Alex Kracov: I love that mentality. The best sales reps I know just have a certain grittiness to them and are just incredibly competitive and just get so upset when they lose. Then they change all the things that they need to do to make sure that they're winning constantly. It's funny. I was never personally competitive in sports. I was always like, I've missed the basketball shot or whatever. But when it comes to business, especially when I've been building Dock, it's like, no, I want to win every single deal. I'm going to come back and figure out how do I build the features or change the sales process to figure out and make it happen.
You mentioned it a little bit earlier. But it sounds like your approach to training the sales team was actually having the other sellers on the sales team train them. Would you bring in a class of young sales reps, and then the other 10 current sales reps would train the other 5? How would that training process work?
Bryan Rutcofsky: Look. The initial onboarding, if you will — which I still run a process of that today at Marqii — is this sort of one-week boot-style training. We're going to go through product. We're going to go through process. We're going to through sales. We're going to go through systems, everything that has to do with the company. But in the world of true sales and phone sales, telesales, the only way to actually get good at the job is to do the job. We can teach you in theory all day long what should work and what makes you successful. But you're not going to learn until you actually get on the phones and start having conversations, and get hung up on, get cursed at. All of those things are going to happen. And so, yes, I think it was extremely important to mix the existing sellers with the new sellers, so that the new sellers could learn from the existing sellers.
Look. After a couple, let's say, weeks or months on the job, you could walk by anyone's desk and hear the conversation that they're having with the customer, where all you can hear is the rep. You can't hear the customer. But you know exactly what the customer asked based on how the rep was responding to the question or whatever was posed in front of them. Just hearing those things and picking up different phrases and different sayings and ways of handling objections, the best way to permeate that across the floor was just to be in the mix of it. Our sales pit at its peak was probably like 130, 140 people. It was loud. Sometimes you'd have people complaining that it's too loud. The old boiler room scene of people getting under their desks with their phone on their ear absolutely happened many, many times — to try and have some peace and quiet to have a conversation. But it was that energy. It was that camaraderie, and it was that ability to hear your peers that made everyone better and also made everyone want to do better because you watch the success happening. It was a really fun environment. It had its wild and crazy times, but it was certainly an enjoyable time.
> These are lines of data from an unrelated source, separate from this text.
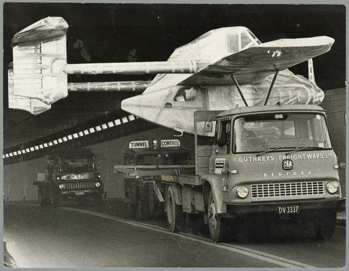 A Tranzauia 12 top dressing aircraft being carried on the back of a lorry through the Christchurch to Lyttelton tunnel.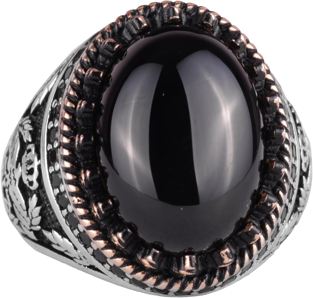 Gerçek Doğal Taş Yüzük - El Yapımı Kartal Yüzüğü - 925 Ayar Gümüş Yüzük (Oniks)
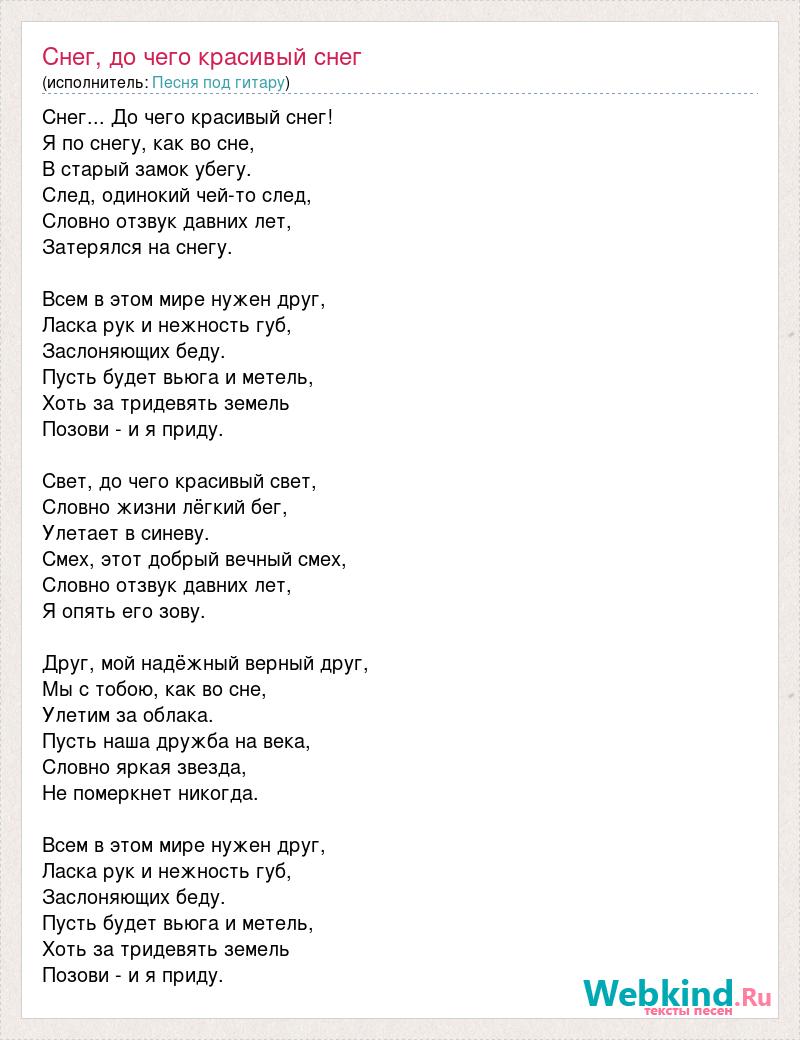 Снег... До чего красивый снег! Я по снегу, как во сне, В старый замок убегу. След, одинокий чей-то след, Словно отзвук давних лет, Затерялся на снегу. Всем в этом мире нужен друг, Ласка рук и нежность губ, Заслоняющих беду. Пусть будет вьюга и метель, Хоть за тридевять земель Позови - и я приду. Свет, до чего красивый свет, Словно жизни лёгкий бег, Улетает в синеву. Смех, этот добрый вечный смех, Словно отзвук давних лет, Я опять его зову. Друг, мой надёжный верный друг, Мы с тобою, как во сне, Улетим за облака. Пусть наша дружба на века, Словно яркая звезда, Не померкнет никогда. Всем в этом мире нужен друг, Ласка рук и нежность губ, Заслоняющих беду. Пусть будет вьюга и метель, Хоть за тридевять земель Позови - и я приду.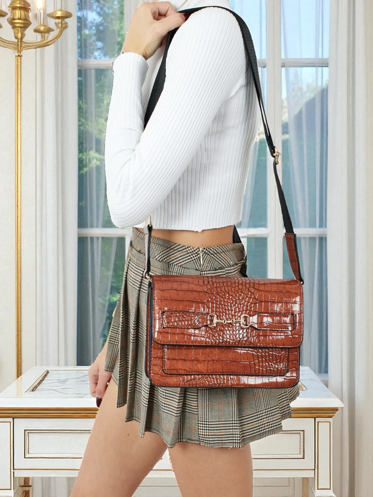 - Çantë e lyer prej lëkure eko me vulë. 1 dhomë, 3 xhepa, zinxhir dhe rrip i rregullueshëm. Stili dhe funksionaliteti në përsosmëri.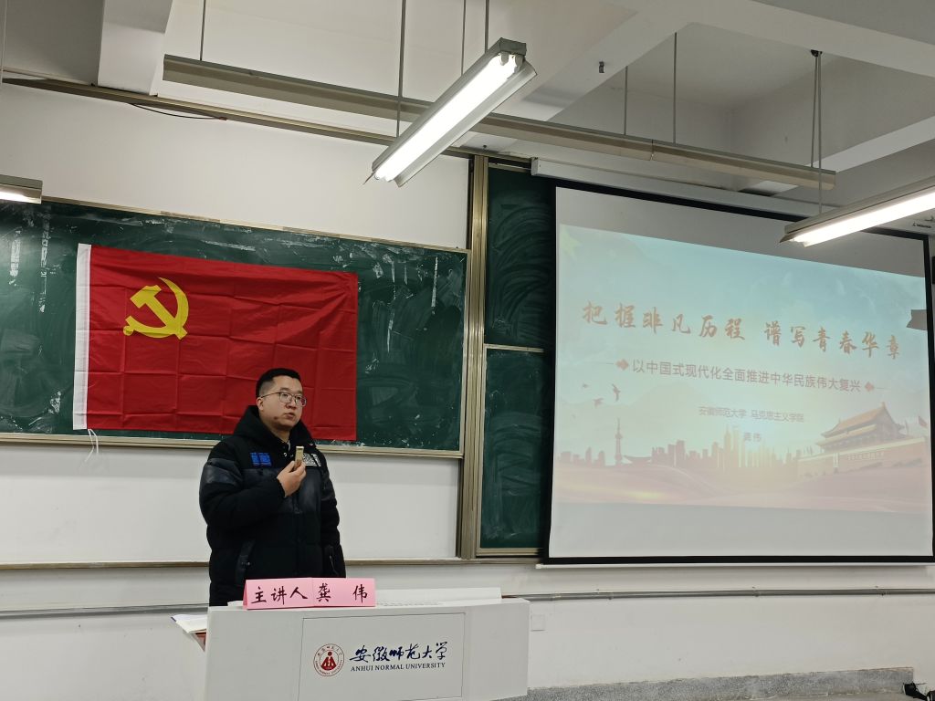 学校学习贯彻党的二十大精神理论宣讲团成员、马克思主义学院副教授龚伟以《把握非凡历程,谱写青春华章》为题,以视频和文字结合的形式从党的二十大会期、议程安排、代表构成与分布、具体学习要求等方面进行了全面介绍。同时,他从“紧扣时代之脉,精准锚定新使命”出发剖析了“两个大局”的具体含义,强调要领会“四个重大意义”,把握温度、力度和高度;从“筑学习之基,深刻领会新思想”出发解析了党的二十大的主要内容和精神内涵;从“绽放青春之花,砥砺奋进新征程”出发向学生党员提出要有理想主义追求、要有担当作为闯劲、要有吃苦耐劳精神,要有团结奋斗品质,在攻坚克难中创造业绩,用青春和汗水创造出新征程上的新奇迹。

Alex Kracov: That's been the hardest part about this pandemic remote work. Especially, I think the sales teams are probably hit the hardest. I know at Lattice, especially as there was young sellers, the training is just very different than in a remote environment. You can't just pick up on things that the person next to you is doing. It'll be interesting to see how the business world maybe shifts back into in-person, especially sales teams, I think, will probably need to be.
Bryan Rutcofsky: Again, for me, I agree with you. Look. Marqii is 100% remote. We don't have a true office. And so the challenge is we lose out on the benefit of that in-office camaraderie and in-office learning through osmosis. However, I think one of the big benefits that we have being remote is that I'm not limited to hiring from a 15-mile radius. So I can find the best in class anywhere in the country. That may not need as much of what that in-office environment brought. I can still find success from people that are — I'm in New York. So if you're in Seattle, if you're in Oklahoma, I don't care. If you're really good at this job, and you can do this job, live anywhere. We have a very healthy work-from-anywhere attitude at Marqii. We encourage people to not be in an office and to make calls from the beach if you can do your job and be successful at it.
Alex Kracov: Yeah, there's pros and cons to both approaches. I even find that in my own personal life. There are some weeks where I really want to be remote and do that kind of work style. Then there's other times where I want to be in the office and have that camaraderie. While you were at Yext, the company IPO-ed, right? I'd love to know what that pre-IPO process was like. How did that impact the sales and partnership teams? Did that change the way you have to work, or was it sort of more business as usual?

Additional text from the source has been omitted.